**Task:** Below are records; print only the lines from the line containing "27 апреля на" to the end, both included, reproduced exactly and without the pictures.
───
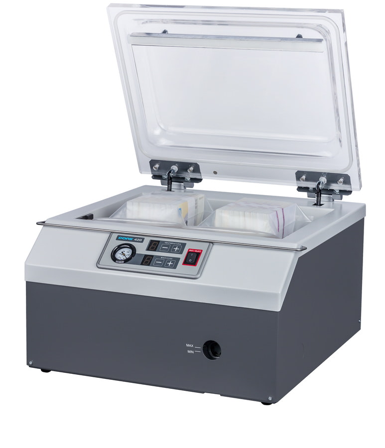 Для достижения требуемой жесткости упаковки предусмотрена регулировка степени вакуума. При необходимости можно настраивать мощность нагревательного элемента и управлять качеством запайки шва. Устройство запоминает настройки даже при смене типа пакета. Прибор позволяет использовать силиконовое или фторопластовое клише для создания оттиска с информацией на шве. При закрытии крышки упаковщик автоматически запускает рабочий процесс. В памяти устройства можно сохранить до 9 пользовательских параметров уровня вакуума и нагрева.
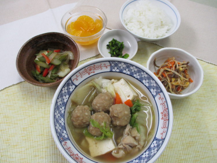 ご飯、鶏なべ、アスパラといかのソテー、和風ナムル、青じその実漬、みかん缶
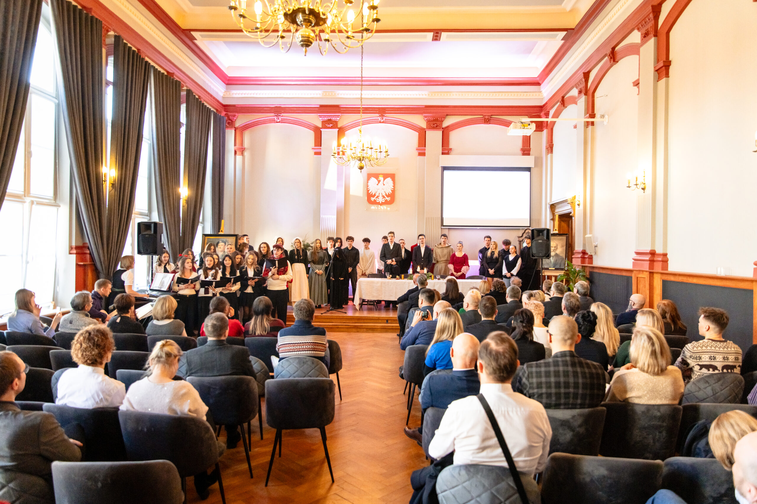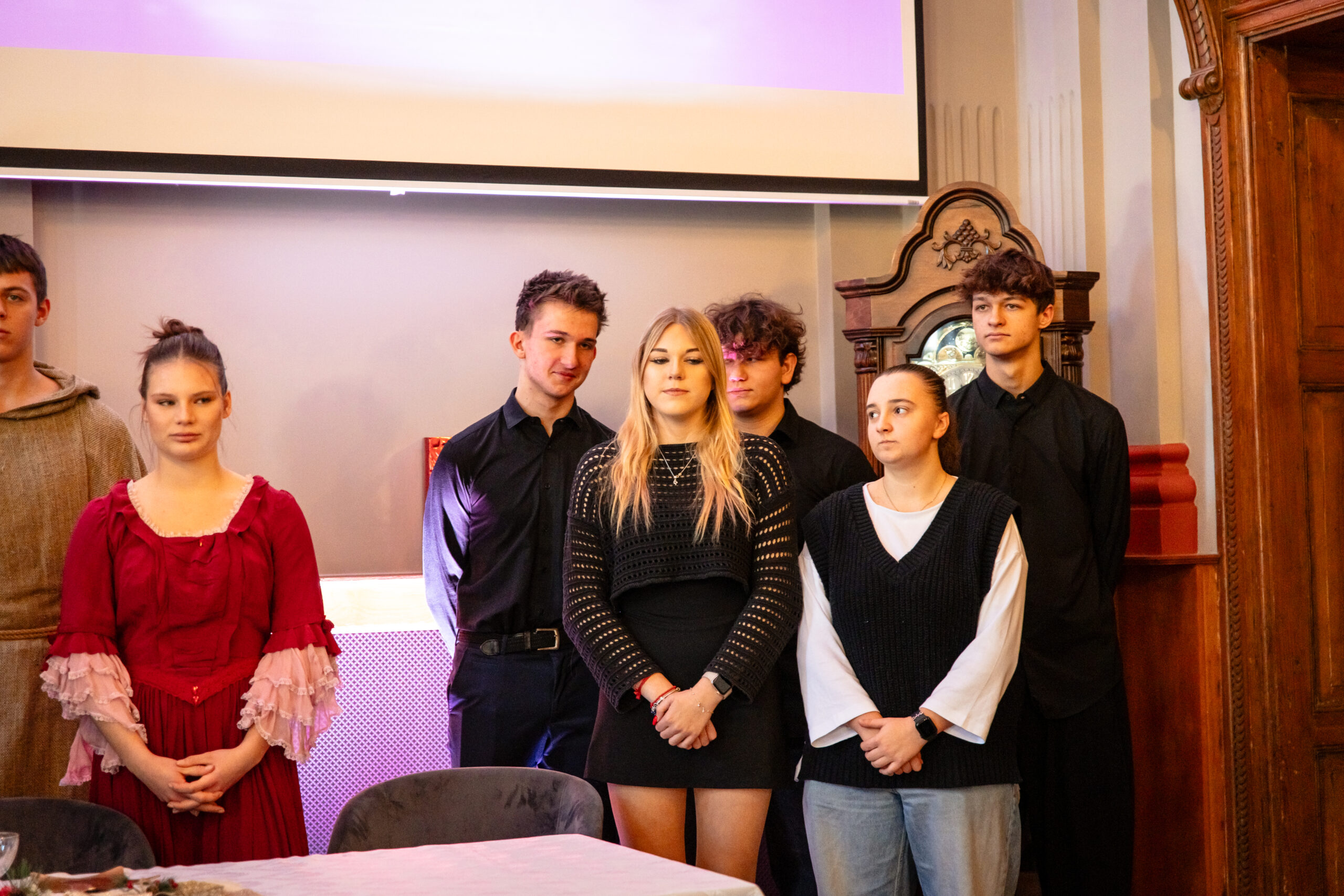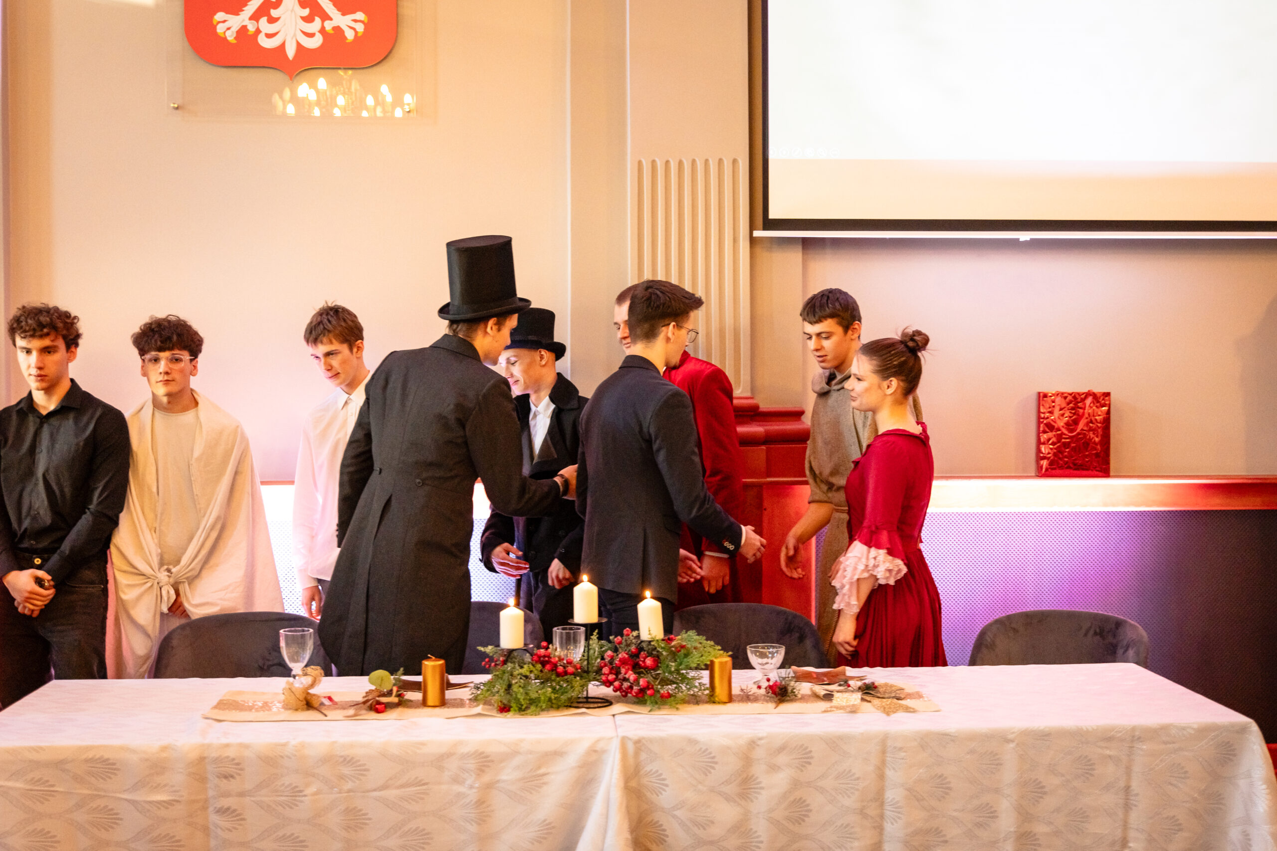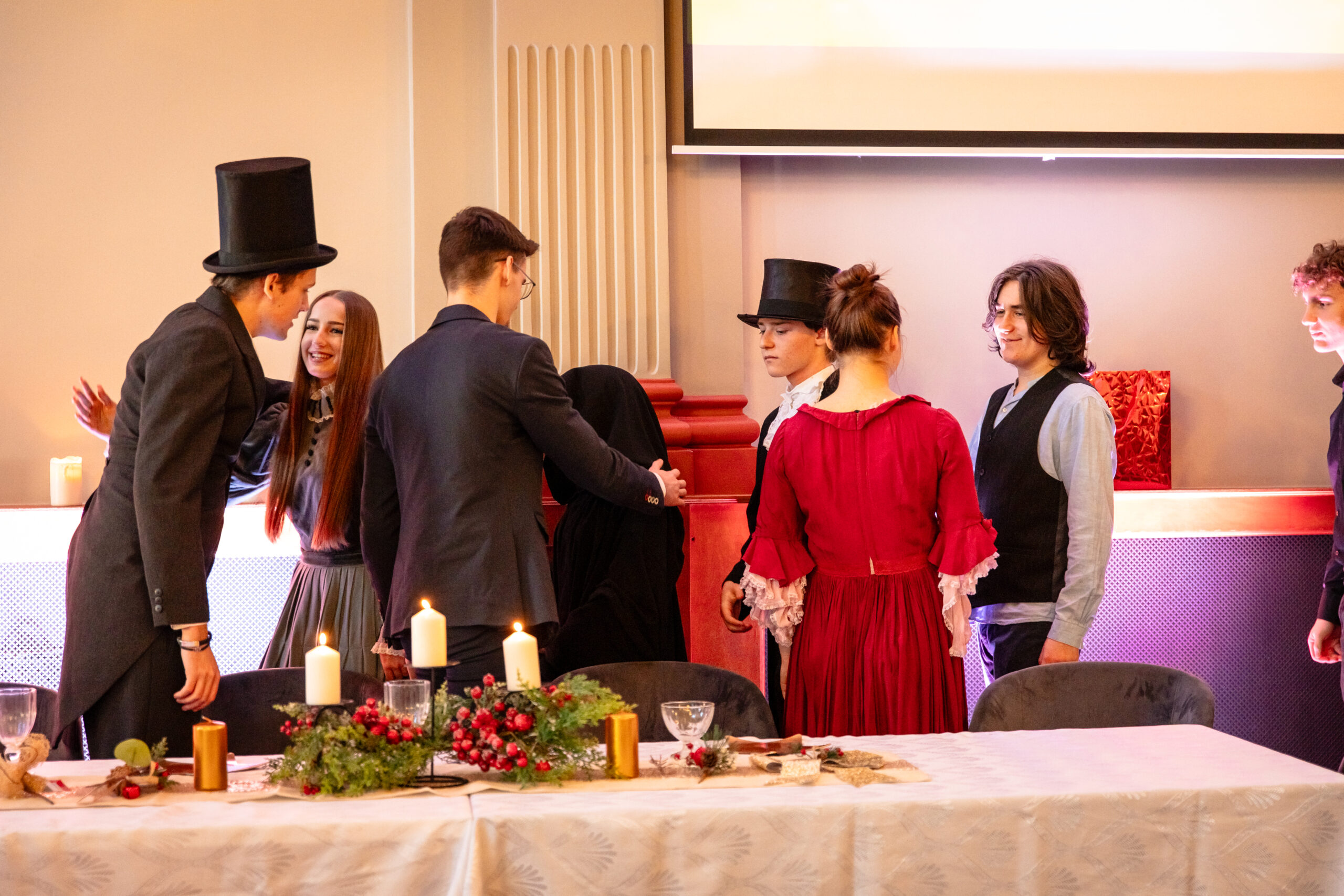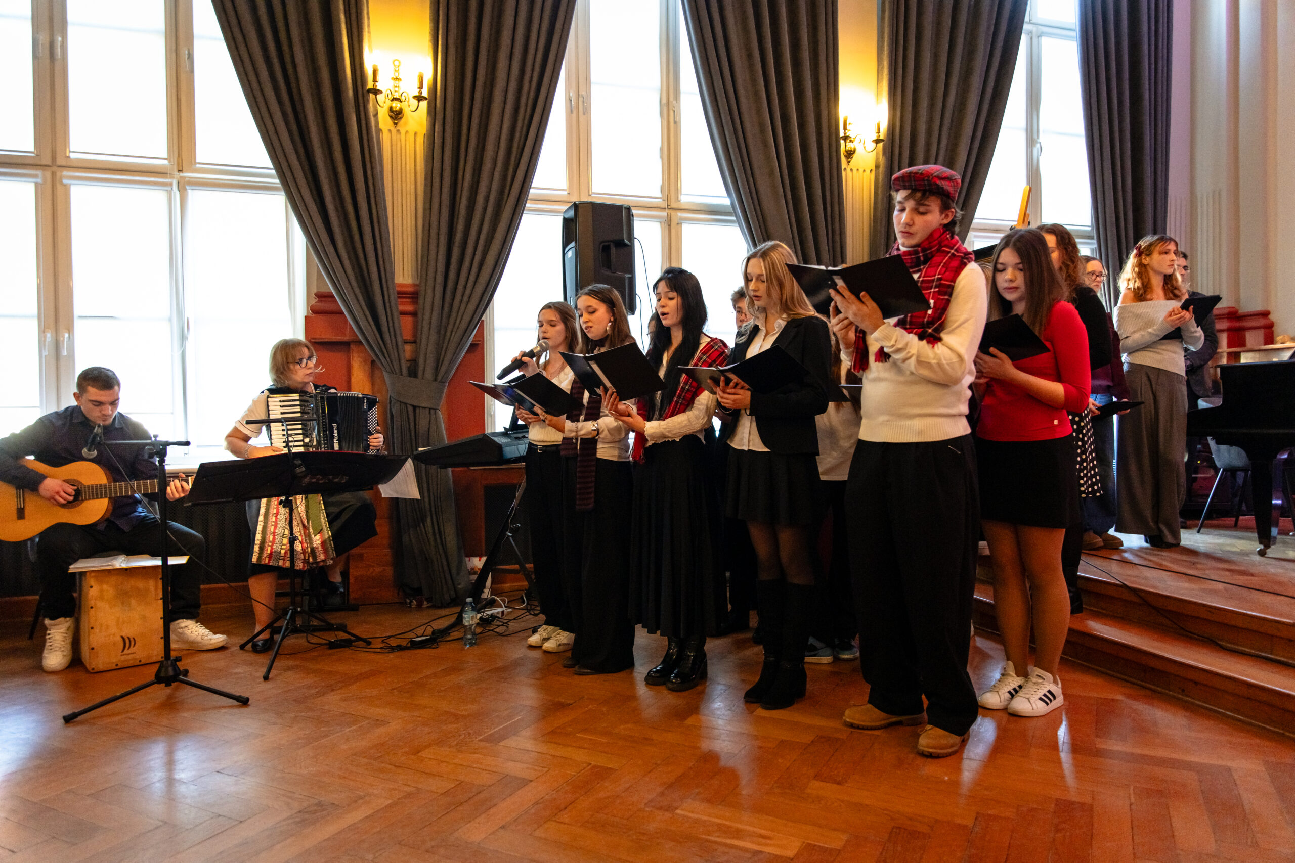 Na scenie mogliśmy podziwiać inscenizację „Opowieści wigilijnej” Charlesa Dickensa oraz występ chóru szkolnego, które wprowadziły nas w prawdziwie magiczny, świąteczny nastrój.
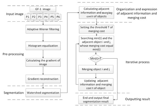 In this section, an improved remote sensing image segmentation method is proposed, as illustrated in Figure 2. The method is a two-stage technique: In the first stage, the watershed algorithm based on pre-processing was used to obtain a preliminary segmentation result and in the second stage, the fast lambda-schedule algorithm based on the common boundary length penalty was used to further merge small segments of the preliminary segmentation to avoid over-segmentation in textured areas. The improved watershed algorithm and fast lambda-schedule algorithm are described in Section 2.4.1 and Section 2.4.2, respectively.
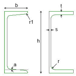 Radius at flange toe |
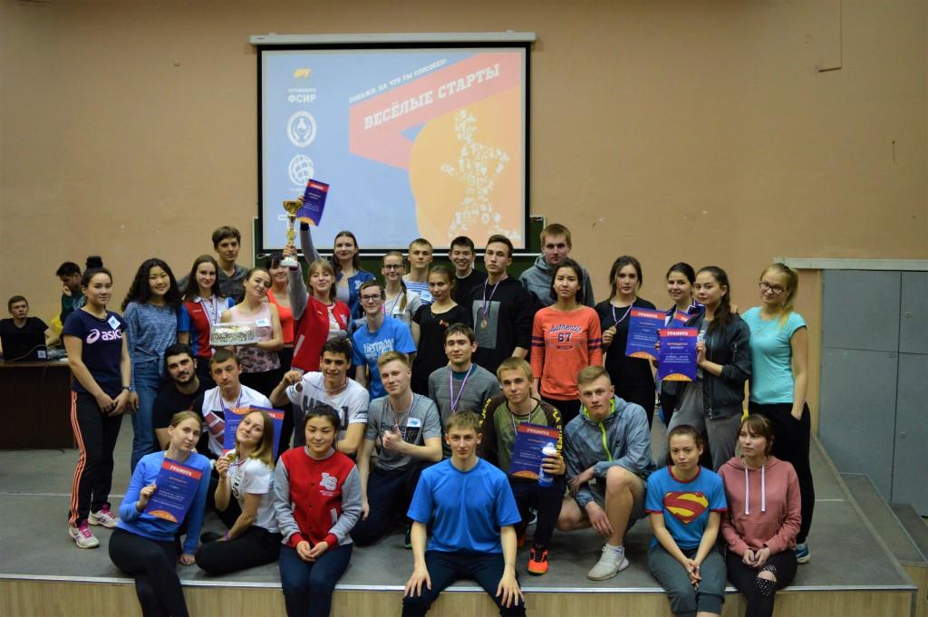 27 апреля на факультете сервиса и рекламы ИГУ прошёл ежегодный спортивный конкурс «Весёлые старты». Участие в конкурсе приняли команды студентов факультетов шестого корпуса: факультета сервиса и рекламы, географического и химического факультетов. В программу веселых стартов входили упражнения с номинациями личного первенства: планка, прыжки в длину, отжимания, поднятия гири, набивание мяча и прыжки на скакалке, а также командная эстафета. Команда, состоящая из пяти юношей и пяти девушек, принимала участие в конкурсах, которые оценивались различным количеством баллов. В этом году команда факультета сервиса и рекламы ИГУ впервые заняла первое место в командном зачете, забрав победу у географического факультета с минимальным отрывом в баллах и получив переходящий кубок! Студенты нашего факультета также заполучили призовые места в номинациях личного первенства:
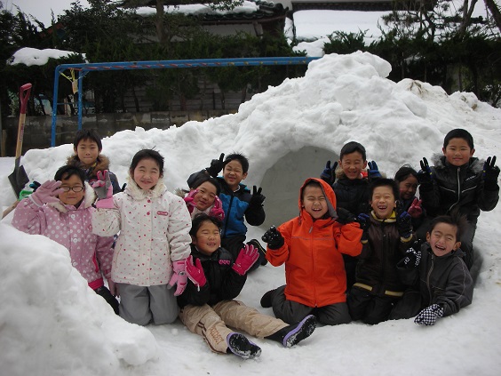 1/27(水)に1年生がかまくらを作りました。自分たちで会議を開き,どんな遊びがいいのか。持ち物はどうすればいいのか。など,担任に頼ることなく相談をして決めたそうです。
───
**Exercise output:**
 27 апреля на факультете сервиса и рекламы ИГУ прошёл ежегодный спортивный конкурс «Весёлые старты». Участие в конкурсе приняли команды студентов факультетов шестого корпуса: факультета сервиса и рекламы, географического и химического факультетов. В программу веселых стартов входили упражнения с номинациями личного первенства: планка, прыжки в длину, отжимания, поднятия гири, набивание мяча и прыжки на скакалке, а также командная эстафета. Команда, состоящая из пяти юношей и пяти девушек, принимала участие в конкурсах, которые оценивались различным количеством баллов. В этом году команда факультета сервиса и рекламы ИГУ впервые заняла первое место в командном зачете, забрав победу у географического факультета с минимальным отрывом в баллах и получив переходящий кубок! Студенты нашего факультета также заполучили призовые места в номинациях личного первенства:
 1/27(水)に1年生がかまくらを作りました。自分たちで会議を開き,どんな遊びがいいのか。持ち物はどうすればいいのか。など,担任に頼ることなく相談をして決めたそうです。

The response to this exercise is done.